(PROBLEM TO WORK ON) Where the line containing "当我在东京听到尊夫君,也是我" appears below, begin there and reproduce each line exactly through the last one, omitting pictures.

Stored records
________________________________________
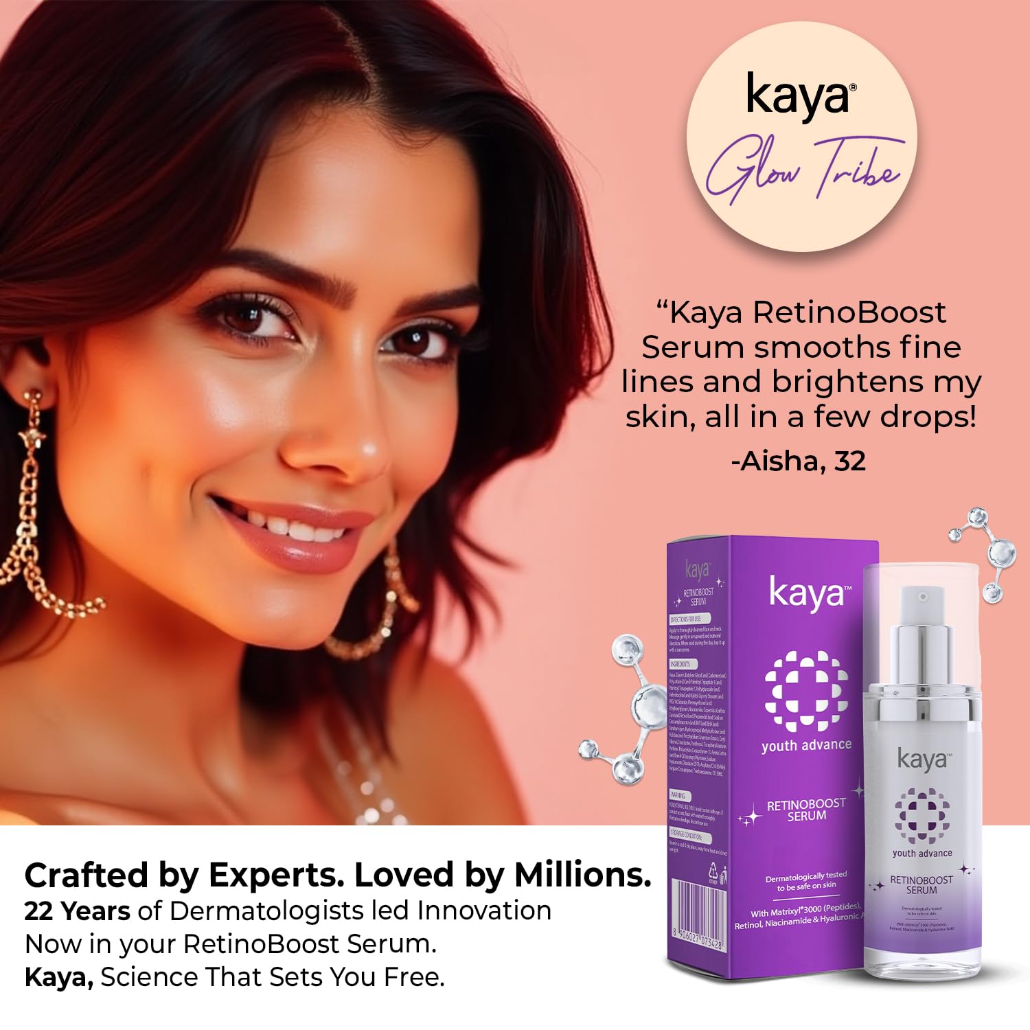 Designed for fine lines, wrinkles, and early signs of aging, Kaya RetinoBoost Serum blends dermatologist-recommended Retinol with Matrixyl 3000 and Niacinamide to visibly smooth skin, firm texture, and restore youthful bounce. Developed using 22 years of clinical dermatological insight.
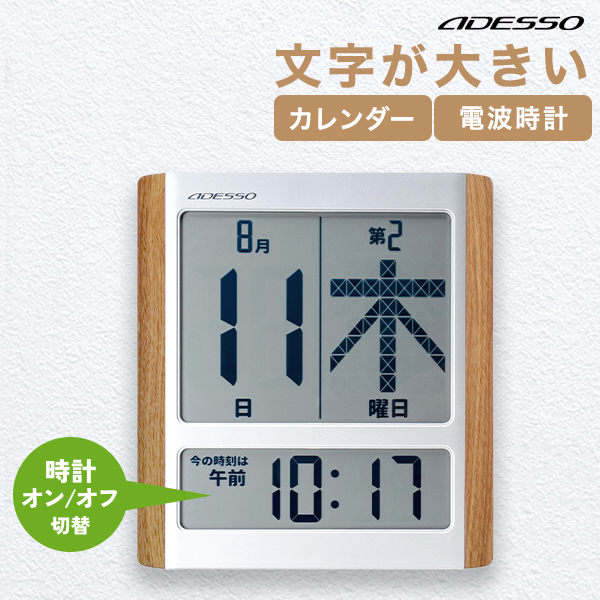| 機能 | 電波時計、日付表示、曜日表示、第曜日表示、12/24時間制表示、時間帯表示(午前・午後のみにも切替可能)、時刻表示オフ、電池切れ注意アイコン、置掛兼用 |
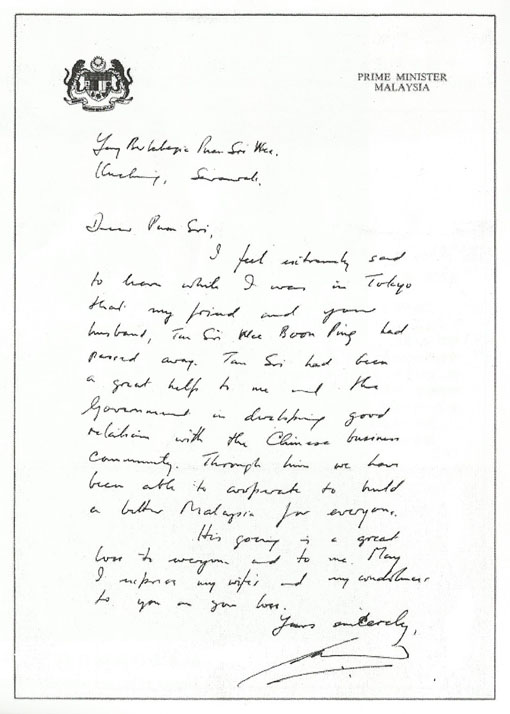 当我在东京听到尊夫君,也是我的好朋友丹斯里黄文彬逝世的消息,我感到十分的悲痛,丹斯里黄在协助政府建立与华人商界的良好关系上,给予我很大的帮助,通过和他携手合作,我们可以为每个人建立一个更好的马来西亚。
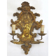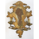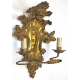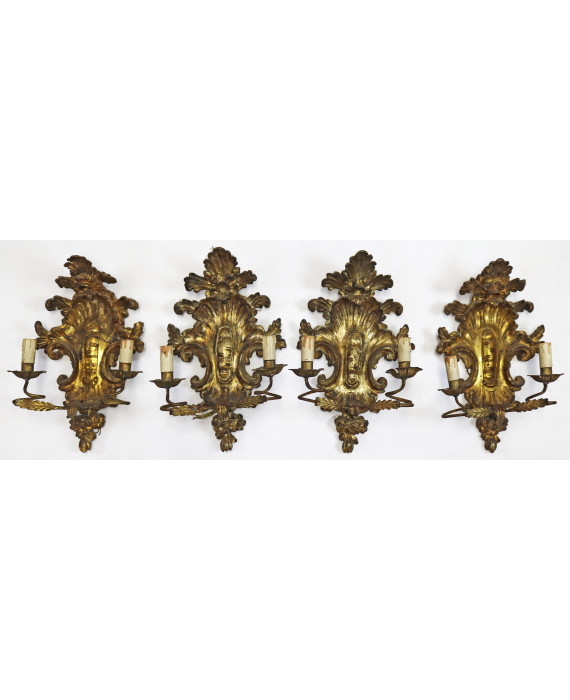 Serie di quattro applique a due fiamme in legno dorato, intagliato a volute vegetali e fiori. Italia, sec. XVIII. cm38x25
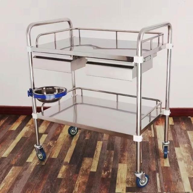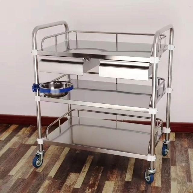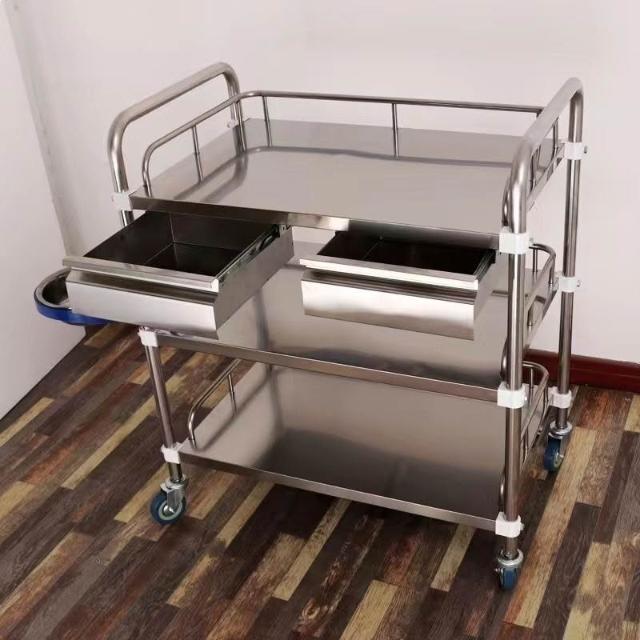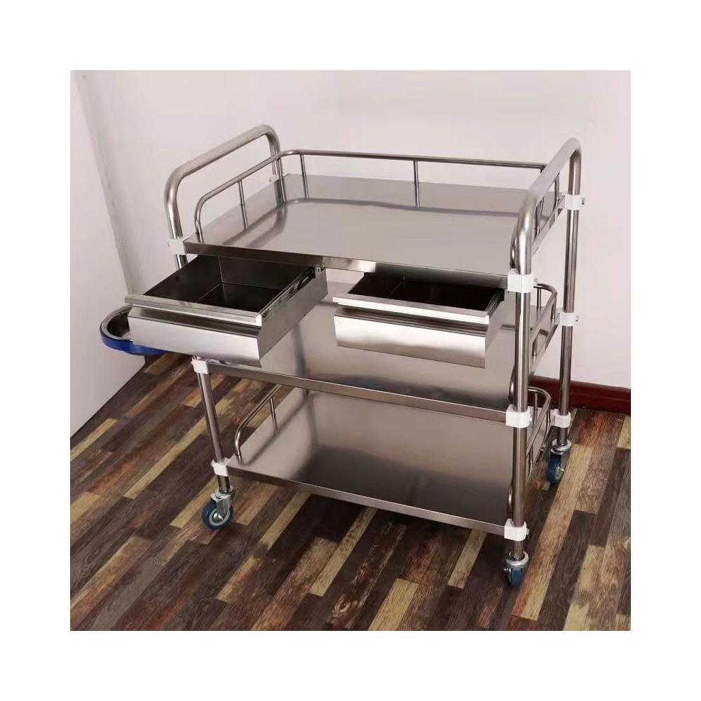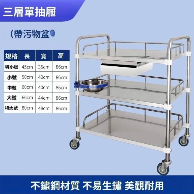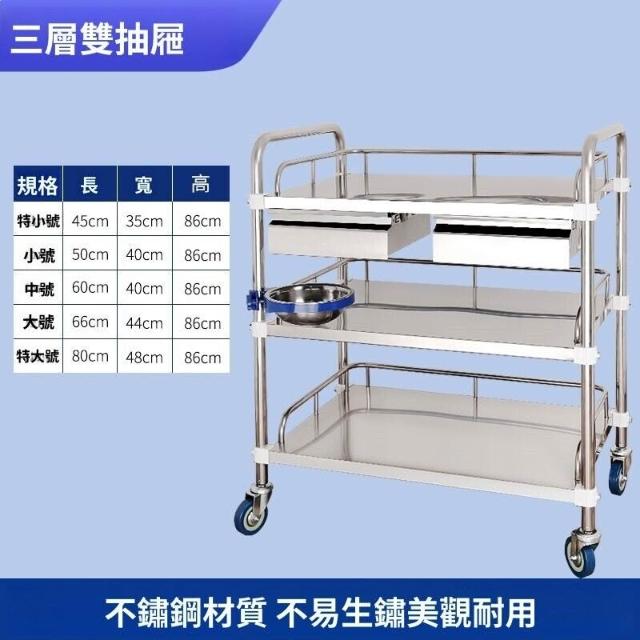 米期精品 加厚不銹鋼醫用小推車餐廳美容院擺攤三層二層輕便帶輪多層移動
________________________________________
(SOLUTION FOR THIS PROBLEM)
 当我在东京听到尊夫君,也是我的好朋友丹斯里黄文彬逝世的消息,我感到十分的悲痛,丹斯里黄在协助政府建立与华人商界的良好关系上,给予我很大的帮助,通过和他携手合作,我们可以为每个人建立一个更好的马来西亚。
 Serie di quattro applique a due fiamme in legno dorato, intagliato a volute vegetali e fiori. Italia, sec. XVIII. cm38x25
 米期精品 加厚不銹鋼醫用小推車餐廳美容院擺攤三層二層輕便帶輪多層移動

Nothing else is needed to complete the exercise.